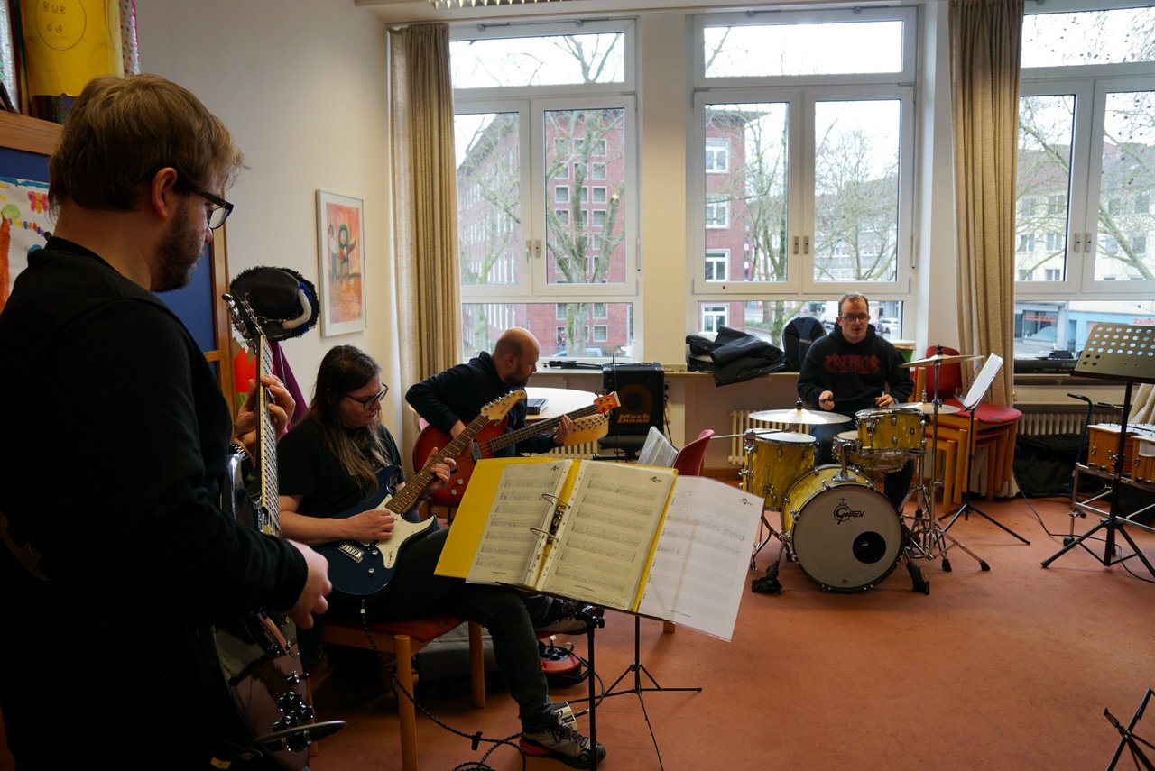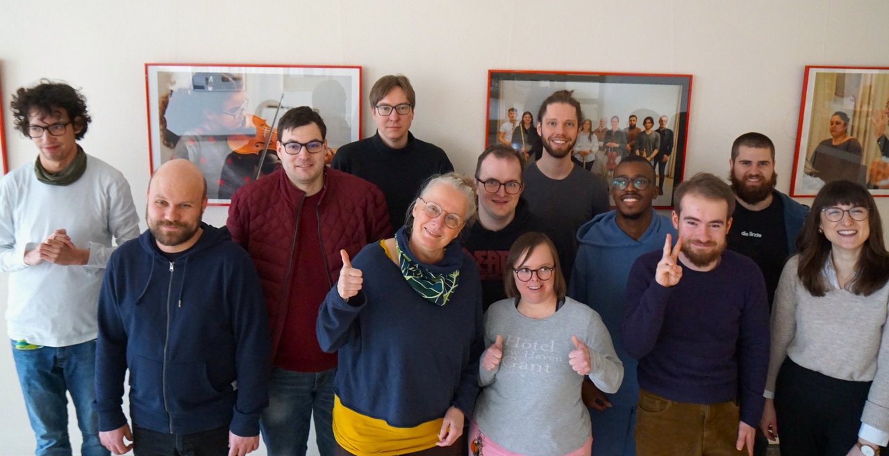 Gruppenbild mit Musikerinnen und Musiker von „Tonstudio 13“ und dem Team von gesamtkunstwerk e.V. beim Probenbesuch von Christina Lorenz (Wilo-Foundation, rechts). Foto: Wilo-Foundation
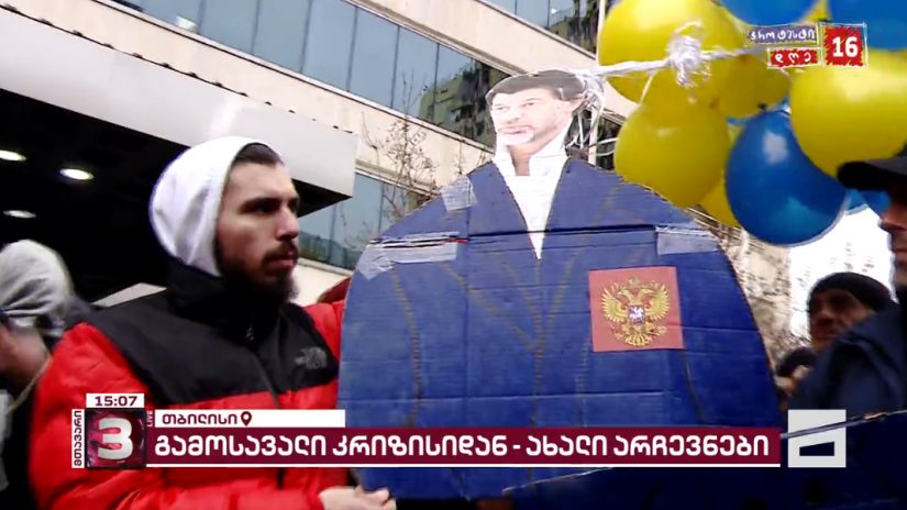 Թբիլիսիի քաղաքապետարանի մոտ նրանք օդ են բարձրացրել Կախա Կալաձեի պատկերով փուչիկ, վրան նաև Ռուսաստանի զինանշանը։ Թբիլիսիի քաղաքապետարանի մուտքի մոտ ոստիկանական ուժերի հատուկ մոբիլիզացիա է։ Հանրահավաքի մասնակիցները պարզել են նաև ոստիկանների կողմից ծեծի ենթարկված ցուցարարների լուսանկարները։
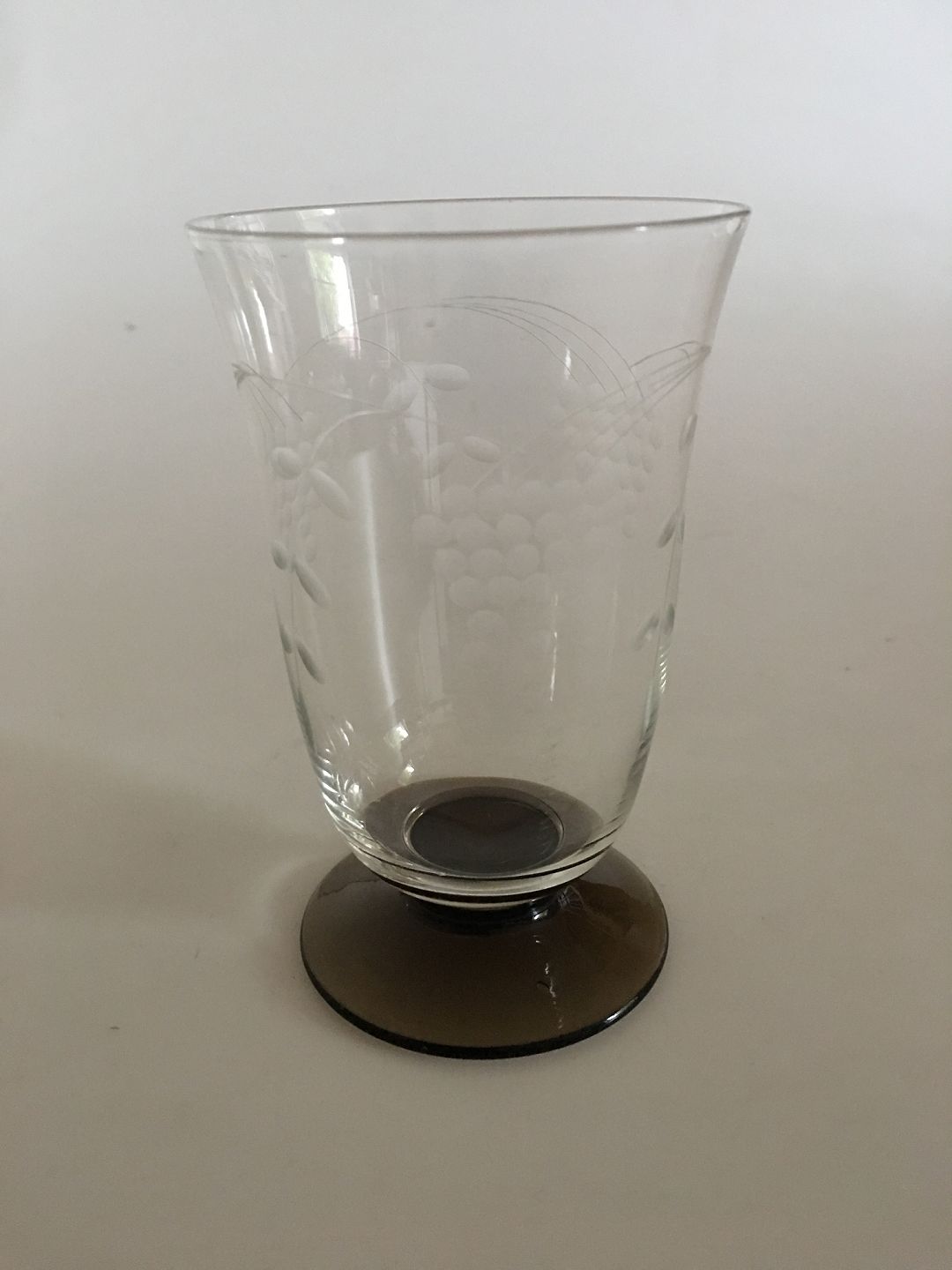 "Jane" Beer Glass with ingraved grapes from Holmegaard. Smoke to transparent foot, maybe 2nd Quality?. 12 cm H. Manufactured first in 1942.
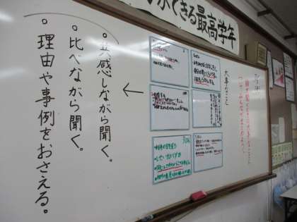 今日は「聞いて,考えを深めよう」の最後の学習でした。今日は話を聞くときに大事なことについて考えました。班で話し合うことでいろいろな意見を出し合うことができました。
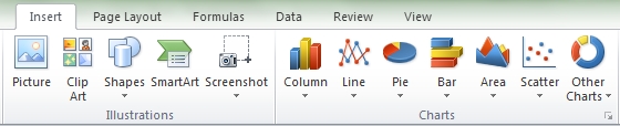 3. В верхнем меню нас интересует группа «Вставка» ("Insert"). В ней смотрим панель "Charts".
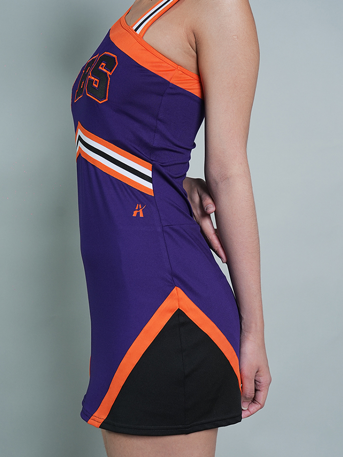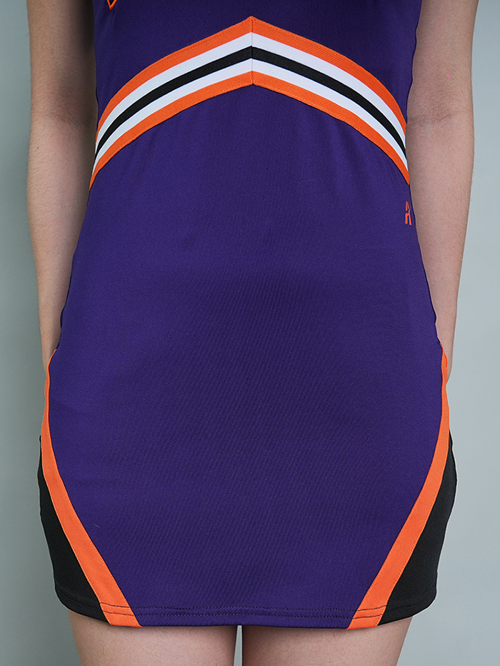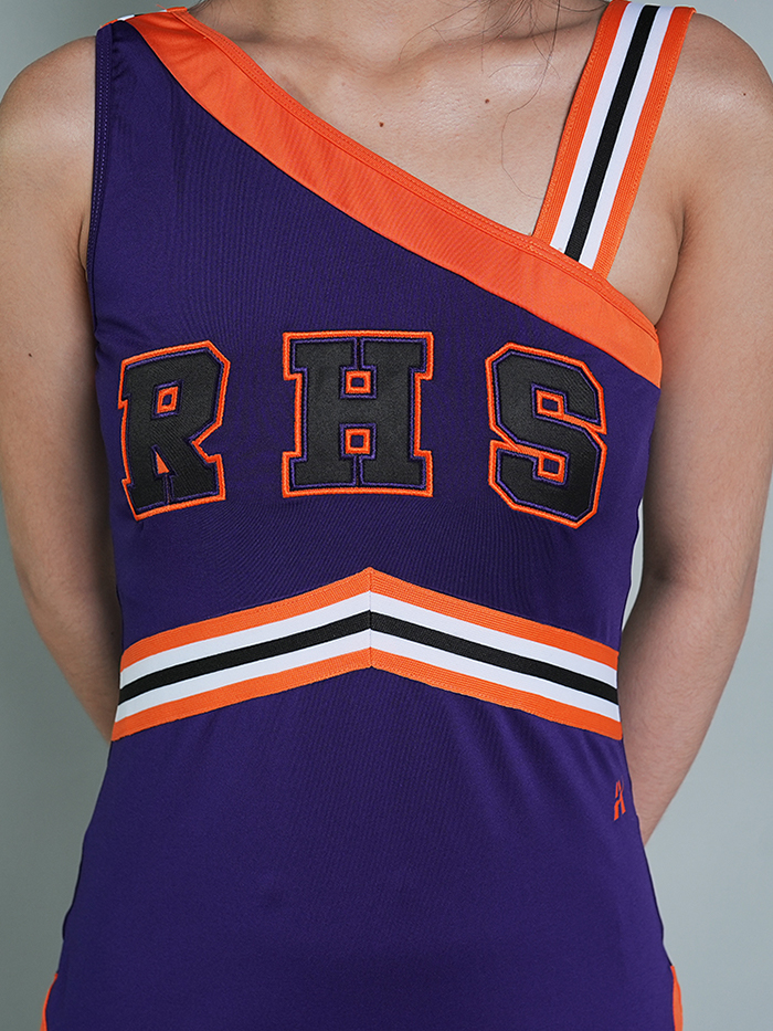 Bring energy and confidence to every routine with the School Dance Dress SDU050 — a dynamic one-shoulder design that blends classic varsity style with modern flair. This vibrant purple dress features orange and white stripe detailing across the bodice and hem, while sleek black side panels add definition and edge. The “RHS” team lettering pops across the front in bold varsity block font, and the stretch fabric ensures a comfortable, flexible fit for high-performance moments.
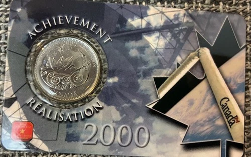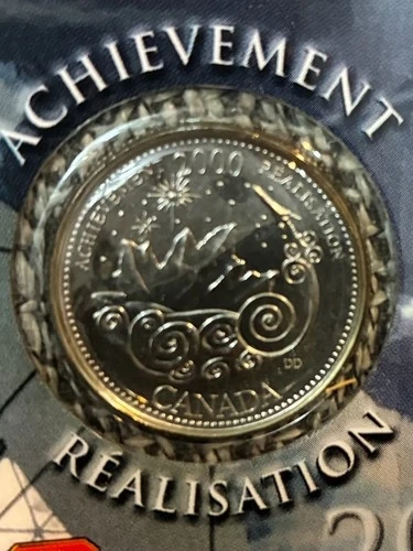 Sealed Artist Tribute Collection. 2000 Millennium Quarter Series March- Achievement Celebrate Canada's turn of the century spirit with the 2000 Achievement Collectible Commemorative Quarter. Struck in nickel and boasting an uncirculated finish, this 25-cent piece is a pristine tribute to the new millennium, showcasing a unique design that captures the essence of Canadian pride.
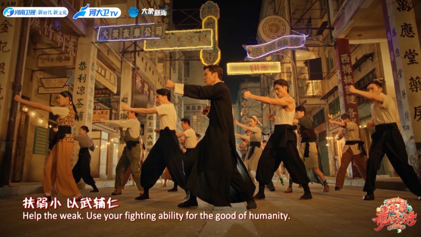 大家知道,动作片、武侠片在我们的影视语言系统中已经很成熟了,很多高难度的武打技巧,都可以通过镜头的运用、剪辑节奏的变化来更强大的视觉冲击。”节目中还适度运用了特效技术,比如360°拍摄的加入,可以凸显打斗过程中的极致瞬间,呈现各武术门派的招式动作,定格舞蹈姿态之美。在勘景、置景方面,主创团队也花了很多心思。成片中,观众既可以看到香港街头的霓虹灯招牌,又能欣赏到古色古香的岭南传统建筑,还有雪天、雨夜、凳子堆成的高台、蜡烛围成的光阵等风格化场景。
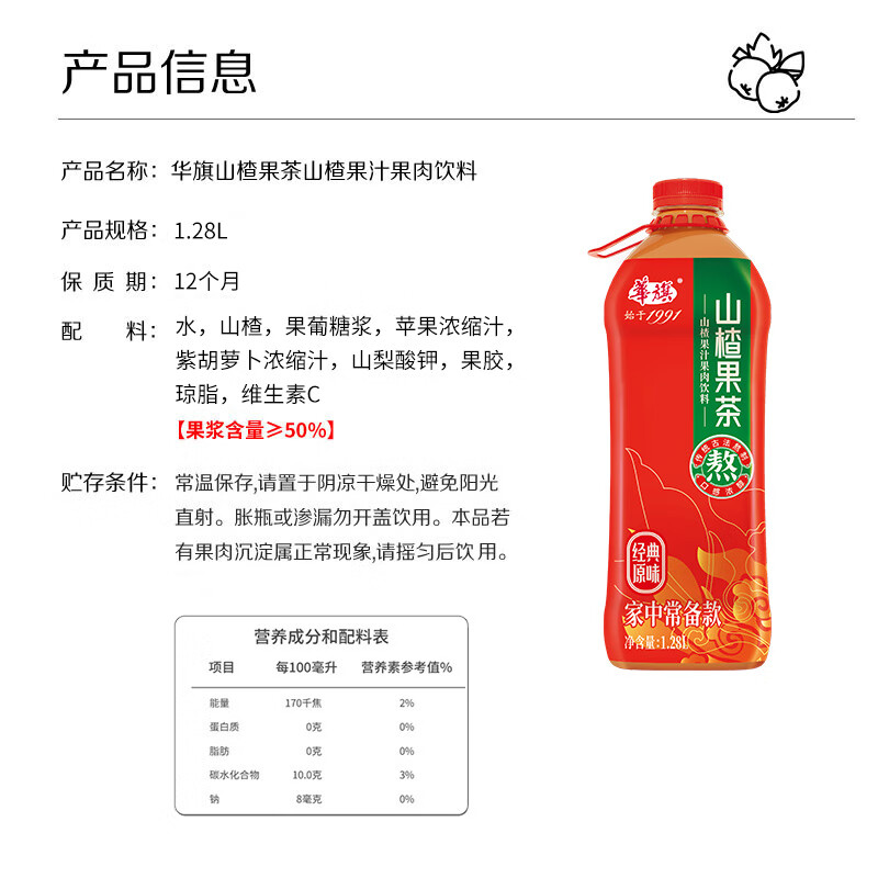 旗经典1991 山楂果茶果肉饮料1.28L*6
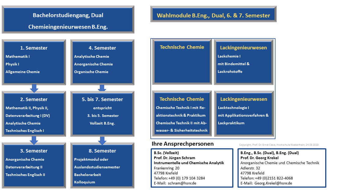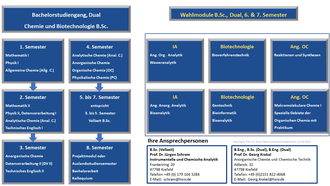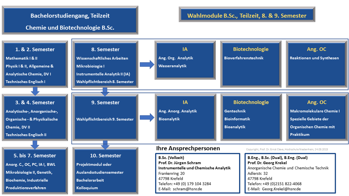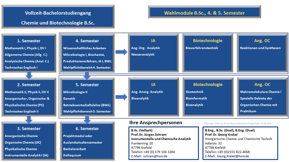 Der Fachbereich Chemie mit rund 1.000 Studierenden befindet sich am Standort Krefeld West. Chemie am Niederrhein hat eine über 150-jährige Tradition. 19 Professorinnen und Professoren sowie zahlreiche Mitarbeiterinnen und Mitarbeiter betreuen unsere Studierenden in den beiden Bachelorstudiengängen:
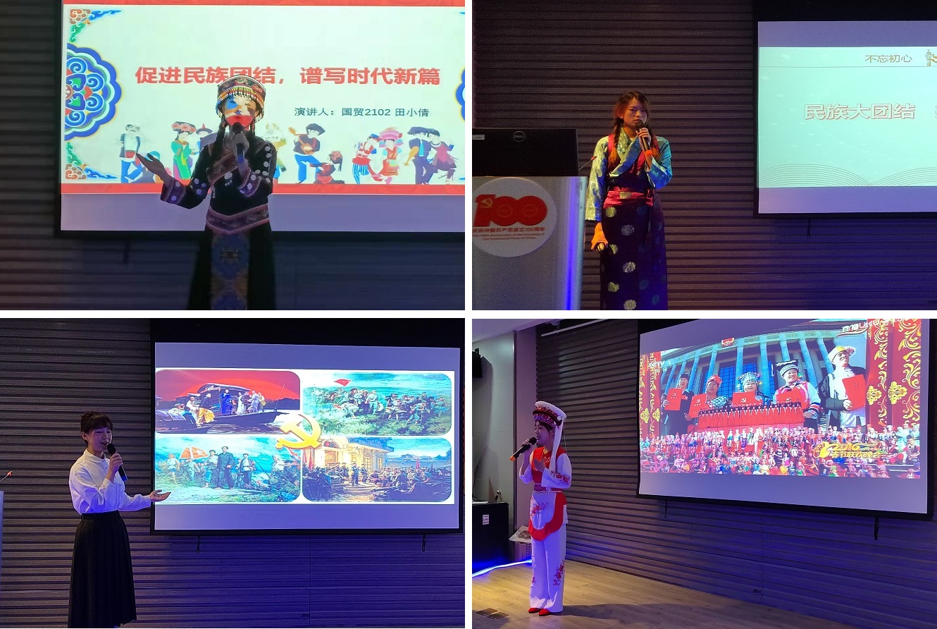 在主持人对比赛评委、比赛流程及比赛规则进行了介绍后,本次比赛正式开始。来自汉族、维吾尔族、藏族、蒙古族、哈萨克族、白族、土家族等10名晋级决赛的少数民族同学身着民族服饰,围绕“民族团结一家亲,同心共筑中国梦”的主题,弘扬民族团结,铸牢中华民族共同体意识,加强各民族交往交流交融,促进各民族像石榴籽一样紧紧抱在一起,将共同团结奋斗、共同繁荣发展的精神,结合自身经历和身边的故事展现给了现场的每一个人,选手们各显神通、寓情于声、风格各异,彰显了当代大学生积极向上的精神风貌。精彩的演讲不断博得台下同学们的掌声和喝彩声,现场气氛十分活跃。评委们分别从主题内容、语言表达、即兴演讲和综合印象等方面为选手们进行了打分。经过激烈的角逐,最终来自商学院国贸2103班木阳同学荣获一等奖,她赛后激动的表示:“我们是党百年目标的见证者,也是国百年目标的亲历者,生逢最好的时代,我们怎能自甘落寞?欲知大道,必先知史。这次比赛是思想的碰撞和交流,它更是我们共同向历史寻经验、求思路、找方法,读懂百年党史的精神内涵的有效途径。”
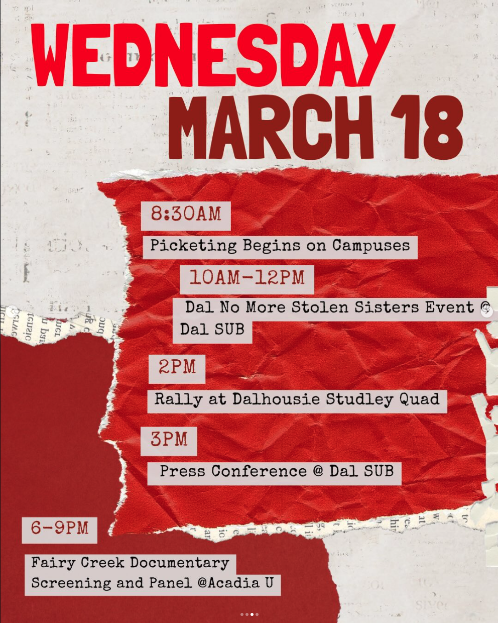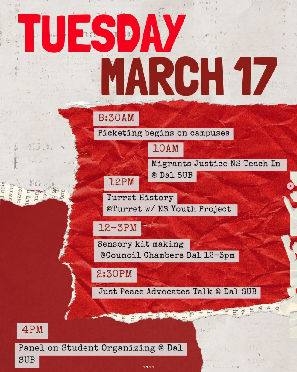 Emerging information on the strike week schedule is continuing to be developed by Nova Scotia Student Strike, as they are the organizers of these events, not the DSU directly. Please refer directly to their Instagram for programming and questions: @dalstudents4strike and @novascotiastudentstrike. As shared in the SGM, provincial strike programming will include: teach-ins, panels, rallies, art builds, performances and community meals.

^^^^

Return exactly the part of the listing above that opens with the line containing "Թբիլիսիի քաղաքապետարանի մոտ" and closes with the line containing "Der Fachbereich Chemie". Pictures stay out.

● **Answer space**:
 Թբիլիսիի քաղաքապետարանի մոտ նրանք օդ են բարձրացրել Կախա Կալաձեի պատկերով փուչիկ, վրան նաև Ռուսաստանի զինանշանը։ Թբիլիսիի քաղաքապետարանի մուտքի մոտ ոստիկանական ուժերի հատուկ մոբիլիզացիա է։ Հանրահավաքի մասնակիցները պարզել են նաև ոստիկանների կողմից ծեծի ենթարկված ցուցարարների լուսանկարները։
 "Jane" Beer Glass with ingraved grapes from Holmegaard. Smoke to transparent foot, maybe 2nd Quality?. 12 cm H. Manufactured first in 1942.
 今日は「聞いて,考えを深めよう」の最後の学習でした。今日は話を聞くときに大事なことについて考えました。班で話し合うことでいろいろな意見を出し合うことができました。
 3. В верхнем меню нас интересует группа «Вставка» ("Insert"). В ней смотрим панель "Charts".
 Bring energy and confidence to every routine with the School Dance Dress SDU050 — a dynamic one-shoulder design that blends classic varsity style with modern flair. This vibrant purple dress features orange and white stripe detailing across the bodice and hem, while sleek black side panels add definition and edge. The “RHS” team lettering pops across the front in bold varsity block font, and the stretch fabric ensures a comfortable, flexible fit for high-performance moments.
 Sealed Artist Tribute Collection. 2000 Millennium Quarter Series March- Achievement Celebrate Canada's turn of the century spirit with the 2000 Achievement Collectible Commemorative Quarter. Struck in nickel and boasting an uncirculated finish, this 25-cent piece is a pristine tribute to the new millennium, showcasing a unique design that captures the essence of Canadian pride.
 大家知道,动作片、武侠片在我们的影视语言系统中已经很成熟了,很多高难度的武打技巧,都可以通过镜头的运用、剪辑节奏的变化来更强大的视觉冲击。”节目中还适度运用了特效技术,比如360°拍摄的加入,可以凸显打斗过程中的极致瞬间,呈现各武术门派的招式动作,定格舞蹈姿态之美。在勘景、置景方面,主创团队也花了很多心思。成片中,观众既可以看到香港街头的霓虹灯招牌,又能欣赏到古色古香的岭南传统建筑,还有雪天、雨夜、凳子堆成的高台、蜡烛围成的光阵等风格化场景。
 旗经典1991 山楂果茶果肉饮料1.28L*6
 Der Fachbereich Chemie mit rund 1.000 Studierenden befindet sich am Standort Krefeld West. Chemie am Niederrhein hat eine über 150-jährige Tradition. 19 Professorinnen und Professoren sowie zahlreiche Mitarbeiterinnen und Mitarbeiter betreuen unsere Studierenden in den beiden Bachelorstudiengängen:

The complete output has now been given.